Kinematic study for MMR fin rowing

Singular fin (2.5 cm) and 3 cm MMR with fin (2.5 cm) were tested for getting the mean kinematic profile of one rowing cycle. The reference point is point 1 at fin tip in Figure 1C and the fin tip’s location is on y-axis, which is the MMR locomotion direction (Fig. 4A-a). Without slime body assembly, the flexibility and rigidity alternation of the pectoral fin structure was unrestricted. Since the slime body was joined to the pectoral fin structure, the flexibility and rigidity alternation were affected and displayed the above pectoral fin rowing mechanism, as shown in Figure 1C and Figure 2B, the fin rowing (0%−50%) was the propulsive phase of MMR. The fin tip’s location went up and back to zero in 0%−25% fin rowing stage because the fin at this stage had no contact with the substrate and the fin was dragged by the external magnetic field. Hence, the fin twisted and swinged before it located the rowing center. The rowing stage (25%−37.5%) was the process of fin rowing around the rowing center. From a theoretical analysis (Fig. 4A-b), the fin tip displacement during the process of fin rowing around the rowing center can be expressed as follows: $y = D_{0} * (\sin β - \sin θ) θ \leq β \leq \frac{π}{2}$

FIG. 4.

MMR’s amphibious locomotion mechanism and simulations. (A). Mean dynamic test for fin rowing circle on y-axis. (B). Simulation results display the rowing motion that generates one stride length for MMR (unit: mT) (C). Simulation of the artificial pectoral fin deformation (forward rowing).

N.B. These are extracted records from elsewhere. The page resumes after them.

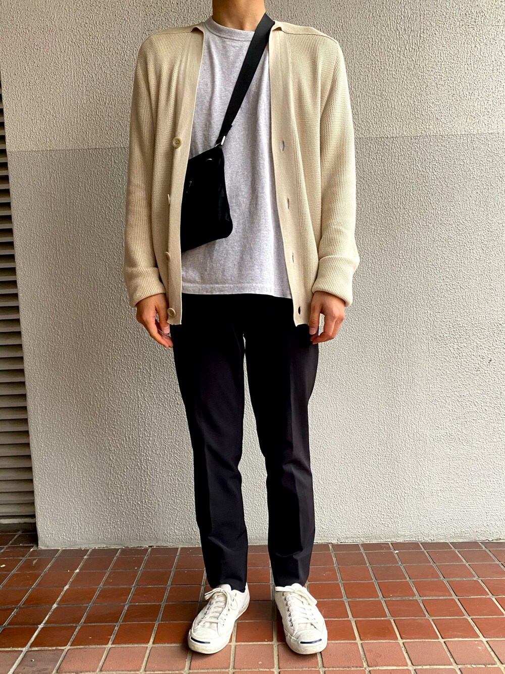 ジャージ素材のスラックスにオーバーサイズのカーディガンを羽織ってゆるく合わせました。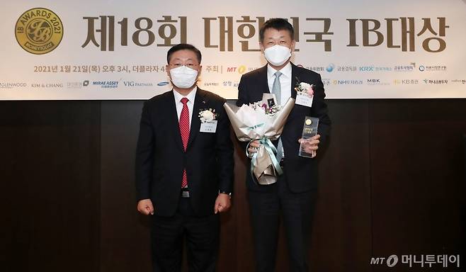 김광일 MBK파트너스 대표가 21일 오후 서울 중구 더 플라자에서 열린 머니투데이 주최 '제18회 대한민국 IB대상 시상식'에서 최우수 PEF 펀드레이징 리더 금융투자협회장상을 수상한 뒤 나재철 금융투자협회장과 기념촬영을 하고 있다.
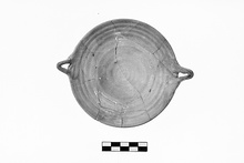 ADDENDA P 18473: Small flattened resting surface, left round; gently sloping floor with wheel ridges towards the top. Ribbon handles, attached at the rim.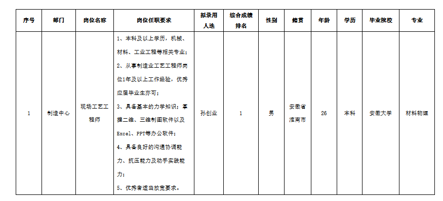 根據(jù)中科美菱低溫科技股份有限公司(以下簡稱“中科美菱”)發(fā)布的招聘公告及招聘相關規(guī)定,經(jīng)筆試、面試、考察、體檢等程序,擬錄用孫創(chuàng)業(yè)同志到中科美菱工作,現(xiàn)予以公示,具體情況如下:

where $β$ is the angle parameter that describes the process of fin rowing around the rowing center and $θ$ is the initial angle when the pectoral fin located its rowing center. The range of $β$ is [ $θ$ , $\frac{π}{2}$ ]. $θ$ depends on the location of the rowing center. When $β$ went to $\frac{π}{2}$ , the MMR achieved one stride locomotion. The stride length generation of MMR was well performed according to the simulation results (Fig. 4B).

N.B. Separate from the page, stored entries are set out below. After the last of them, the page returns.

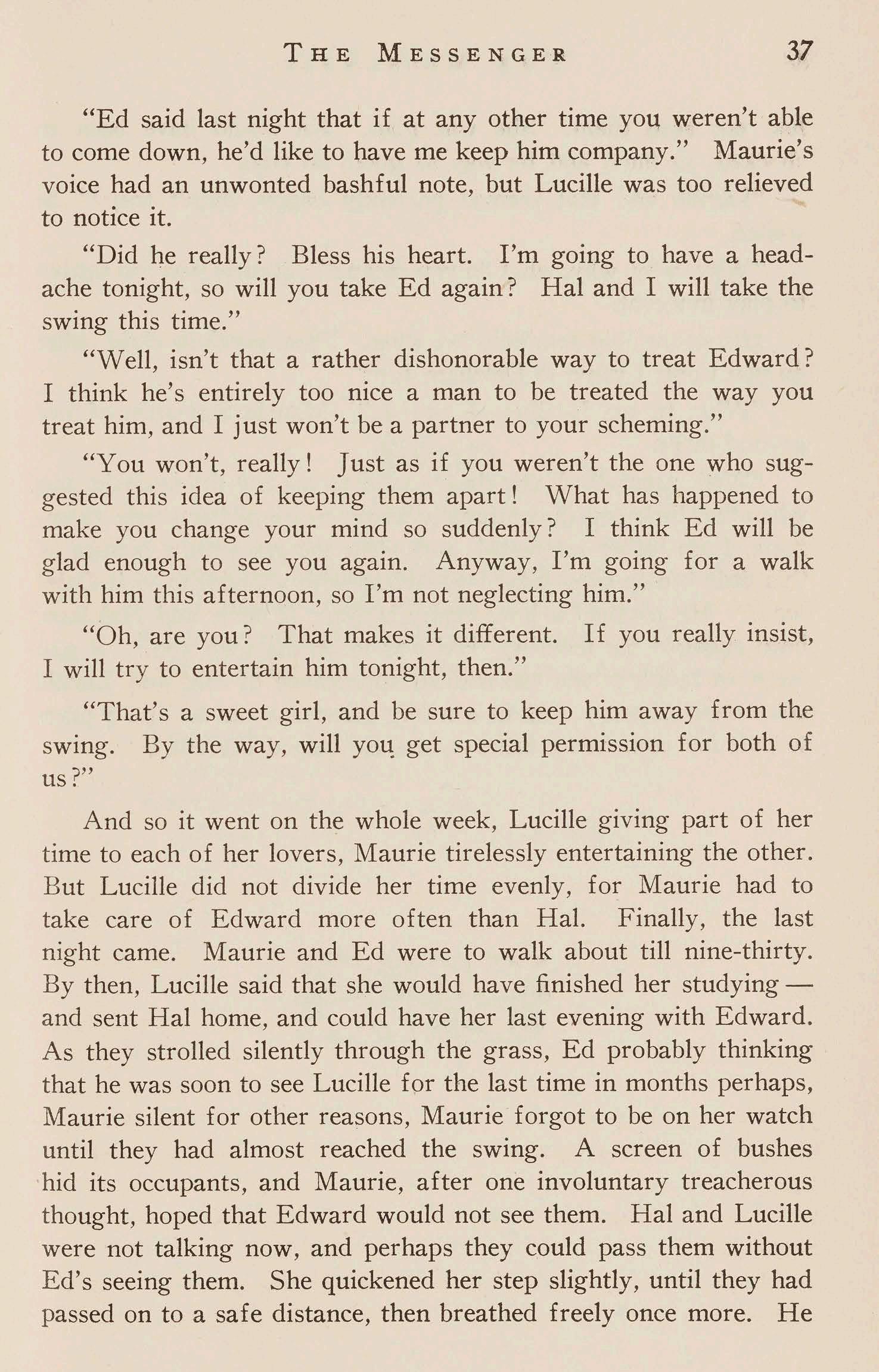 And so it went on the whole week, Lucille giving part of her time to each of her lovers, Maurie tirelessly entertaining the other. But Lucille did not divide her time evenly, for Maurie had to take care of Edward more often than Hal. Finally, the last night came. Maurie and Ed were to walk about till nine-thirty. By then, Lucille said that she would have finished her studyingand sent Hal home , and could have her last evening with Edward. As they strolled silently through the grass, Ed probably thinking that he was soon to see Lucille for the last time in months perhaps, Maurie silent for other reasons, Maurie forgot to be on her watch until they had almost reached the swing. A screen of bushes hid its occupants, and Maurie, after one involuntary treacherous thought, hoped that Edward would not see them. Hal and Lucille were not talking now, and perhaps they could pass them without Ed's seeing them. She quickened her step slightly, until they had passed on to a safe distance, then breathed freely once more. He
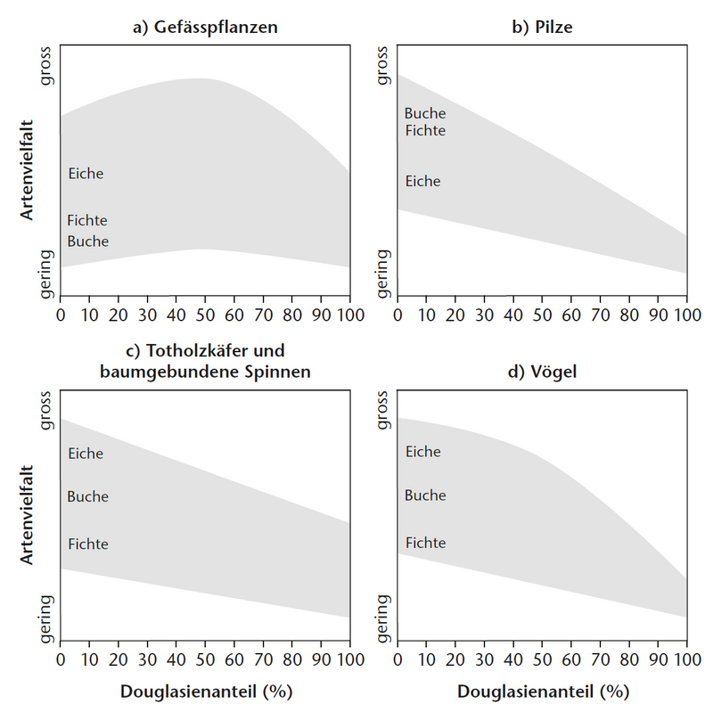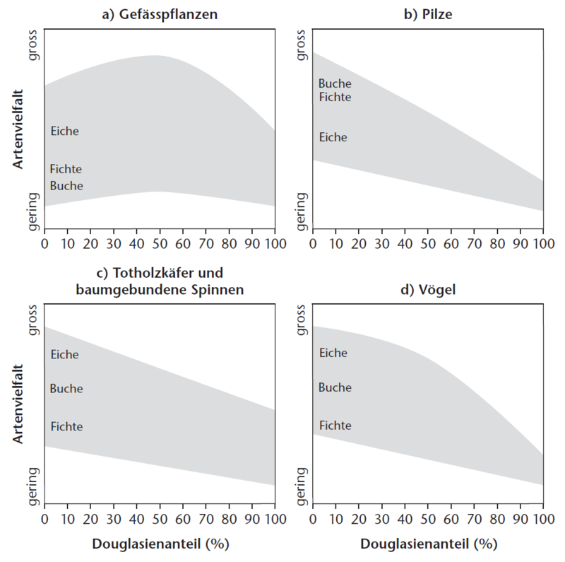 Die Biodiversität wird durch den Anbau der Douglasie, insbesondere bei sehr hohen Anteilen (Abb. 5) oder in Reinbeständen, gemäss den meisten Studien stark negativ beeinflusst. Dies zeigt sich in geringerer Anzahl Pilzen im Boden unter Douglasien, weniger Arthropodenindividuen und -arten in Baumrinden und Kronen der Douglasien, wodurch diese weniger Nahrung vor allem für überwinternde Waldvögel bietet. Zudem zeigt die Douglasie eine geringere Diversität an am Totholzabbau beteiligter Organismen.
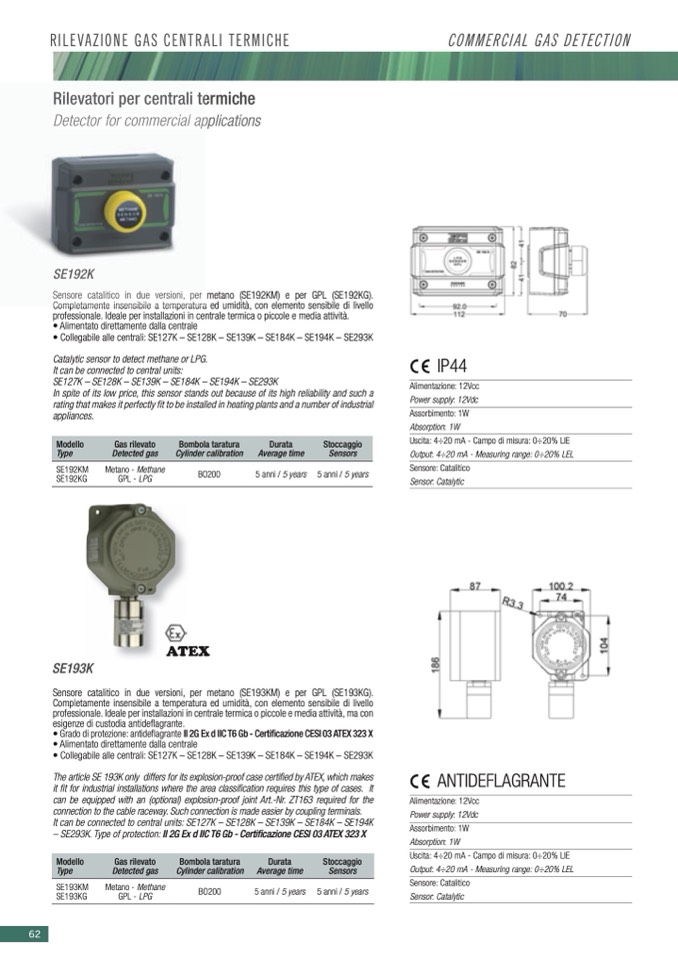 Sensore catalitico in due versioni, per metano (SE192KM) e per GPL (SE192KG).

The static rowing status for MMR was recreated by simulation analysis to study the recovery phase of the pectoral fin (50%−100%). At the initial forward rowing stage, the magnetic force applied at the tip of artificial pectoral fin makes the structure twist and generates a forward rowing tendency according to the finite element analysis results (Fig. 4C and Supplementary Table S2). During the recovery phase, the fin tip’s location went negative and back to zero for beginning the next round of rowing. The calculable millimeter-range stride length shows the potential that it can stop in each tiny interval area to undertake special tasks.

Specific locomotion for MMR

To assess the applicability of the robot in interventional therapy scenarios, its locomotion within a stomach phantom was investigated (Fig. 5A, Supplementary Video SV4, and Supplementary Table S2). A wrinkled and damp surface was employed to play the role of stomach wall surface, and the MMR achieved ∼4 mm stride length locomotion in each rowing cycle with 41.5 mT magnetic field manipulation. The results demonstrated that the MMR has potential to be applied for interventional therapy. However, the propulsion force and rowing robustness have to be further improved through advanced fin structure and magnetic control to ensure stride length accuracy in uneven substrates.

FIG. 5.

MMR’s amphibious locomotion application scenarios in laboratory. (A) MMR locomotion test in stomach phantom and control environment (B ∼ 41.5 mT). (B). Ultrasound imaging for MMR locomotion (10 rowing cycles, B∼35.6 mT).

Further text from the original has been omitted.